As previously reported in New Brunswick Today, in February 2016, NBHA Executive Director John Clarke said the Section 8 waiting list was about 3,000 families long.  Earlier this year, the NBHA has opened one of its public housing waiting lists for the first time in years.

Patton claimed that despite agreeing on most policies, she has urged her favorite person in D.C., Donald Trump, not to cut funds for HUD.

However, Trump’s White House’s Fiscal Year 2019 budget proposal cut funding for HUD by $8.8 billion.

“What he’s supporting is the efficient and effective allocation of taxpayer dollars, something that has been long abused in government. It doesn’t mean [programs] are just going to go away,” Patton told TheRealDeal.com.

Carson wrote in The Hill that he wants to “Reimagine the way HUD works” while “eliminating improper payments and waste, fraud and abuse.”

Still, Patton and her number two recently made negative headlines over nepotism at HUD, and a controversial decision to purchase expensive furniture for Carson’s office.

According to American Oversight:

News reports over the past several weeks have raised serious questions about the role that Secretary Carson has allowed his family members [in violation of nepotism rules] to play at the department as well as the influence wielded by Patton, the former Trump family employee who now oversees HUD’s largest regional office.
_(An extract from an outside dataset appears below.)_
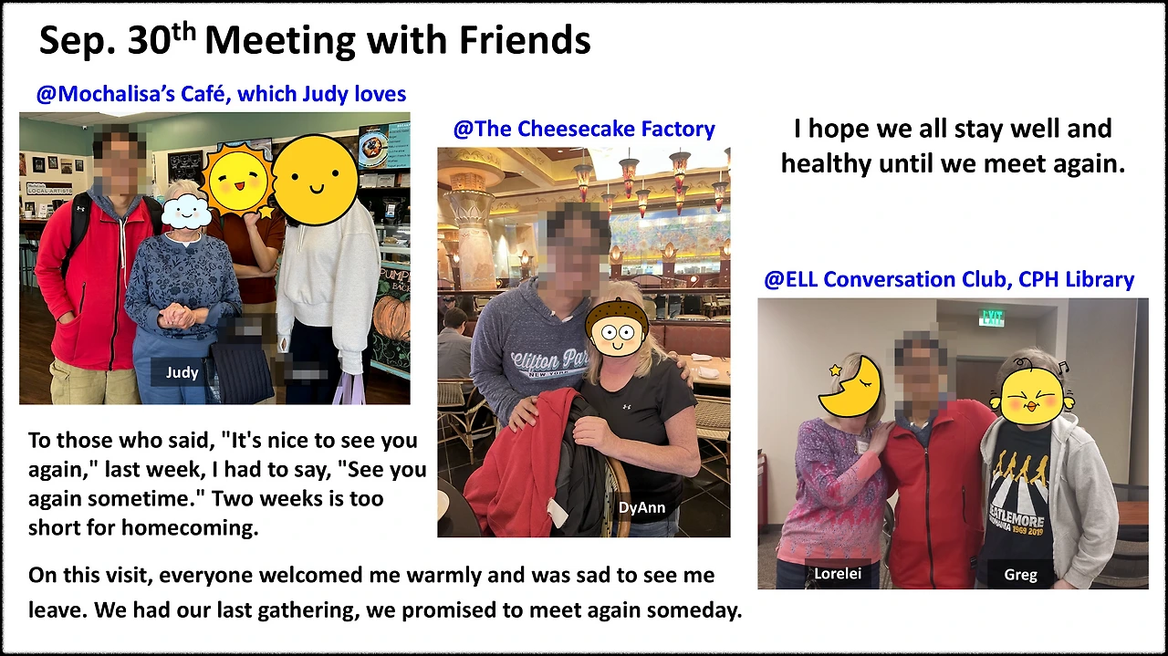 - Judy를 커피숍에서 다시 한번 만나기로 했다. Judy는 도서관 수업에 더 이상 나가지 않지만 개인적으로 알고 지내는 한국 이민자들을 만나는 자리에 나를 불러주었다. 나는 Judy가 여전히 활발하게 생활하고 사람들에게 도움을 주고 있는 모습이 안심되었다. Judy가 계속 이렇게만 지내준다면 우리는 반드시 또 만날 수 있을 거라는 확신이 들었다.

Reporting by the Guardian and other outlets also suggested that Lynne Patton, who previously worked for the Trump organization and helped to plan Eric Trump’s wedding, was involved in the decision to demote and reassign a HUD employee who pushed back on Carson’s expensive furniture requests.

Separately, emails obtained by American Oversight last month via FOIA litigation revealed that Patton frequently emailed with Ben Carson Jr. – who is not a HUD employee – in the weeks before an official HUD tour of Baltimore that Carson Jr. was helping to organize. Those emails also showed the younger Carson using his position to connect his personal business associates with senior officials at HUD including Patton.
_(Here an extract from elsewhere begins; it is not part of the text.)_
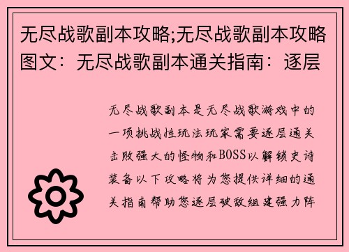 无尽战歌副本是《无尽战歌》游戏中的一项挑战性玩法,玩家需要逐层通关,击败强大的怪物和BOSS,以解锁史诗装备。以下攻略将为您提供详细的通关指南,帮助您逐层破敌。南宫...

Patton was also involved with misuse of funds as Vice President of Eric Trump’s charity.

According to Politico, the New York Attorney General’s Office “is pursuing allegations that Eric Trump’s charity illegally funneled payments to the family’s for-profit business, at which he and Patton worked.

“Patton began working for Trump’s son Eric in 2009 as the vice president of his foundation and as his primary aide. She oversaw all aspects of his business, charity and personal obligations. That included his home and spousal responsibilities as well as coordinating events.”

Patton said at the event in Toms River that she plans to release a 10-point priority plan soon.